*** Material for the task

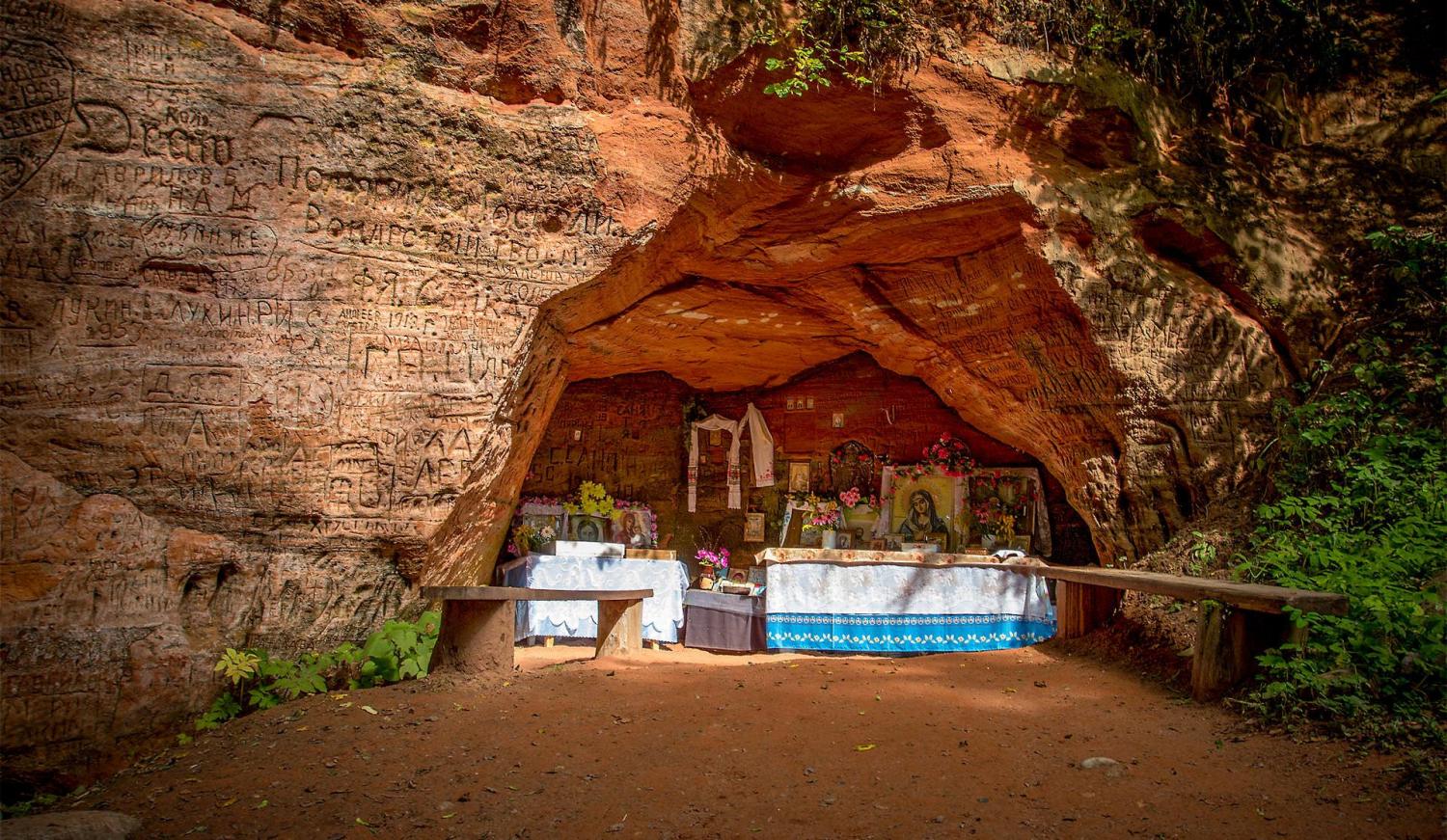 Трутневские пещеры – это уникальный памятник природы, настенные надписи, камни-следовики I тысячелетия нашей эры, пещерная церковь. Стены пещеры испещрены надписями паломников. Чаще всего это имена и иногда даты, самая ранняя, которую удалось разобрать исследователям, от 1888 года. Территория вокруг пещеры ухожена и облагорожена. Спуск оборудован хорошей железной лестницей, поставлены скамеечки и через речку перекинуто два очень живописных мостика. Очень чисто и уютно. В этом месте река Кунесть образует глубокий каньон из красного плотного песчаника, возникновение этих отложений очень древнее. Так что, прикасаясь к стенам Пещёрки, как называют ее местные жители, можно прикоснуться к Вечности.
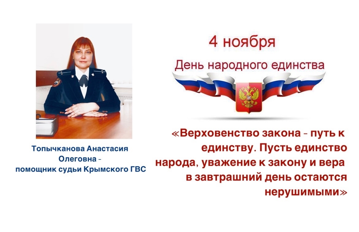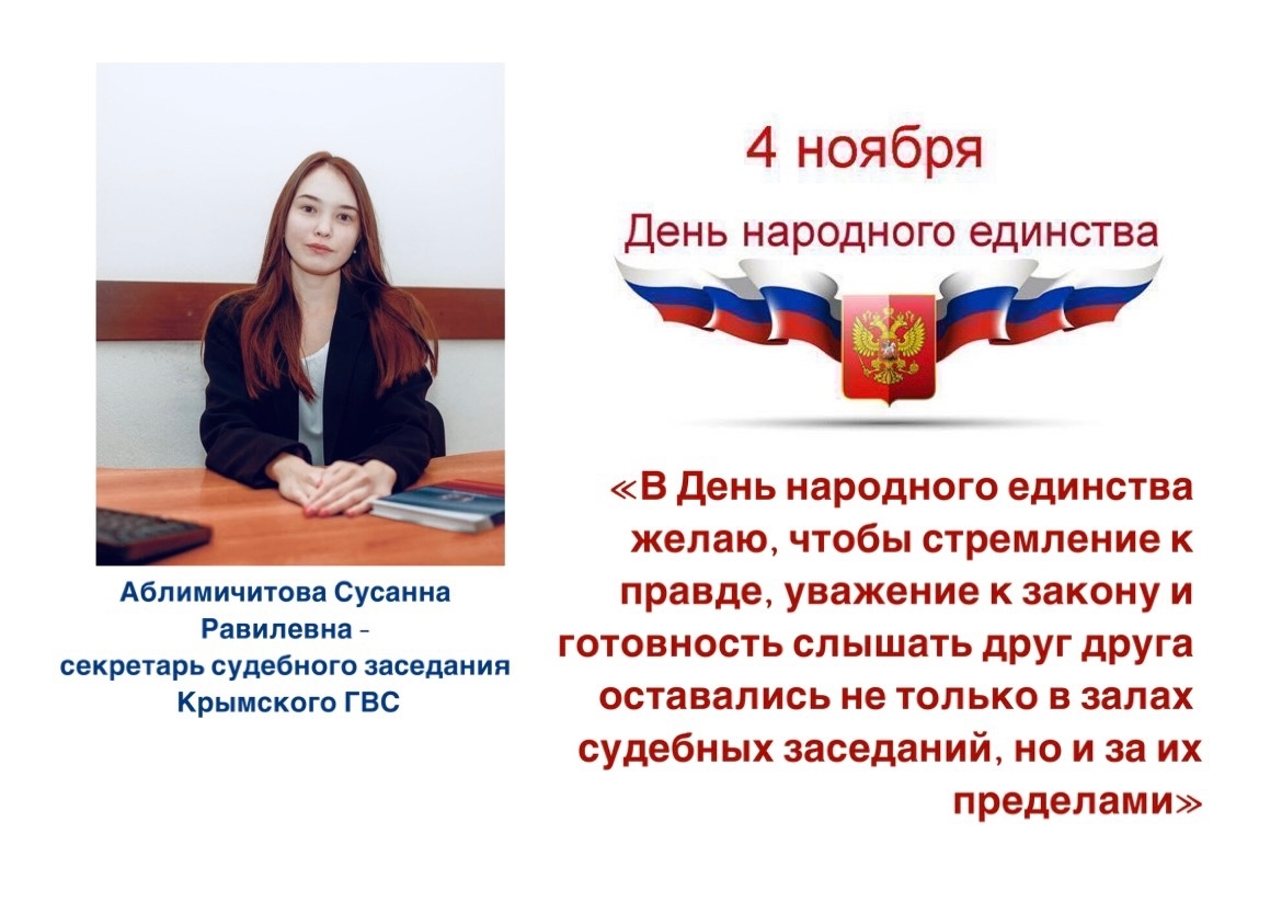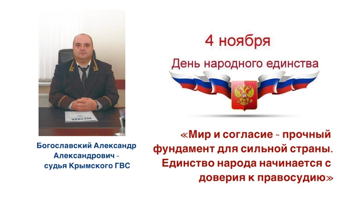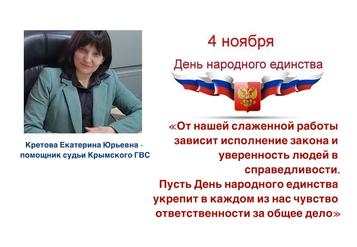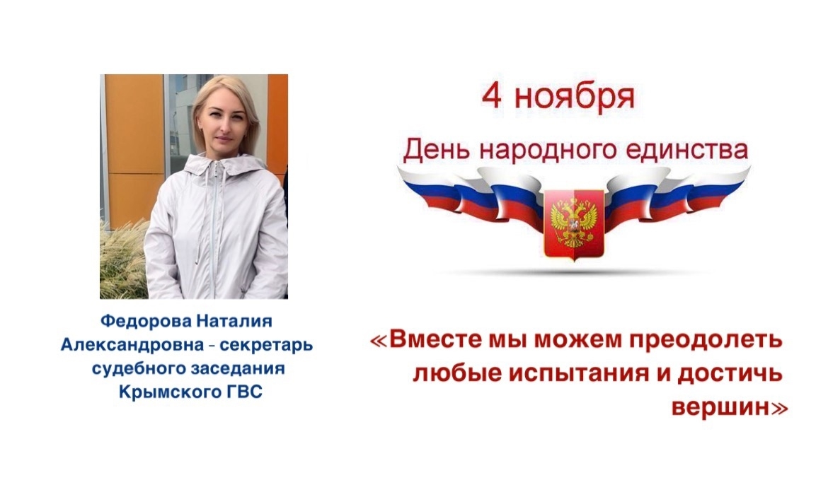В преддверии Дня народного единства судьи и сотрудники аппарата суда делятся личными размышлениями о смысле этого праздника, рассказывают о своей любви к Родине и осознанном выборе – служении Отечеству.
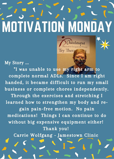 Chautauqua Physical Therapy worked with me to get the pain and weakness out of my right shoulder. The exercises they gave me, Im still using and Im mostly pain free - Thank you!!
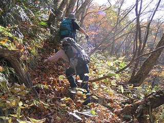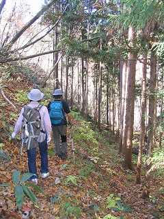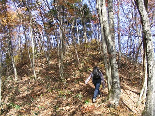 | 登山口とは分からない小道を入ると、踏み跡の区別もつきにくい山道、 笹と落ち葉を掻き分けて進む。 5分ほどで崩落した山肌に突き当たるので、 斜面をよじ登る。 そうすると →→このような林の道に。 しかし、この道は「道なき道」 ほとんど登山者がいないのか、道の見分けがつきにくい。 |
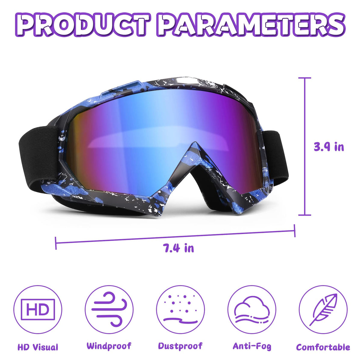 Micnaron ATV Goggles, 2-Pack Dirt Bike Goggles, Motorcycle Goggles, MX Goggles Powersport Goggles Ski Goggles for Men Women Adul
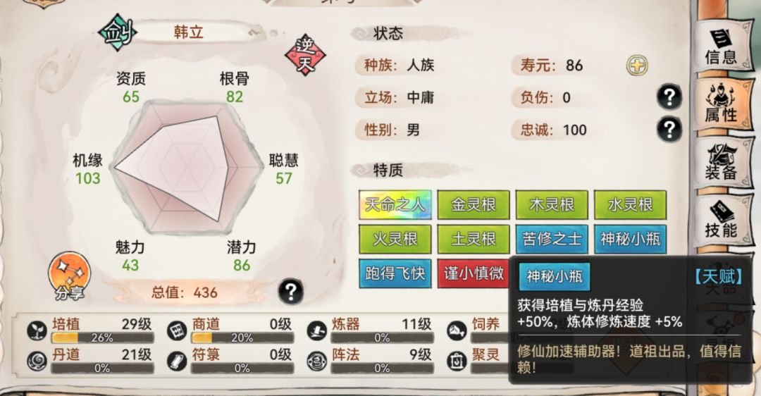 另外凡人联动开启后,韩立以其唯一特质神秘小瓶一骑绝尘,本就合格聪慧值57加上高达+50%的经验加成,还有初始自带的培植与丹道21级专业技能,妥妥的灵田专属弟子。

******

◆ Task brief: Restate the data word for word and exclude every picture.

◆ Problem solution:
 Трутневские пещеры – это уникальный памятник природы, настенные надписи, камни-следовики I тысячелетия нашей эры, пещерная церковь. Стены пещеры испещрены надписями паломников. Чаще всего это имена и иногда даты, самая ранняя, которую удалось разобрать исследователям, от 1888 года. Территория вокруг пещеры ухожена и облагорожена. Спуск оборудован хорошей железной лестницей, поставлены скамеечки и через речку перекинуто два очень живописных мостика. Очень чисто и уютно. В этом месте река Кунесть образует глубокий каньон из красного плотного песчаника, возникновение этих отложений очень древнее. Так что, прикасаясь к стенам Пещёрки, как называют ее местные жители, можно прикоснуться к Вечности.
В преддверии Дня народного единства судьи и сотрудники аппарата суда делятся личными размышлениями о смысле этого праздника, рассказывают о своей любви к Родине и осознанном выборе – служении Отечеству.
 Chautauqua Physical Therapy worked with me to get the pain and weakness out of my right shoulder. The exercises they gave me, Im still using and Im mostly pain free - Thank you!!
 | 登山口とは分からない小道を入ると、踏み跡の区別もつきにくい山道、 笹と落ち葉を掻き分けて進む。 5分ほどで崩落した山肌に突き当たるので、 斜面をよじ登る。 そうすると →→このような林の道に。 しかし、この道は「道なき道」 ほとんど登山者がいないのか、道の見分けがつきにくい。 |
 Micnaron ATV Goggles, 2-Pack Dirt Bike Goggles, Motorcycle Goggles, MX Goggles Powersport Goggles Ski Goggles for Men Women Adul
 另外凡人联动开启后,韩立以其唯一特质神秘小瓶一骑绝尘,本就合格聪慧值57加上高达+50%的经验加成,还有初始自带的培植与丹道21级专业技能,妥妥的灵田专属弟子。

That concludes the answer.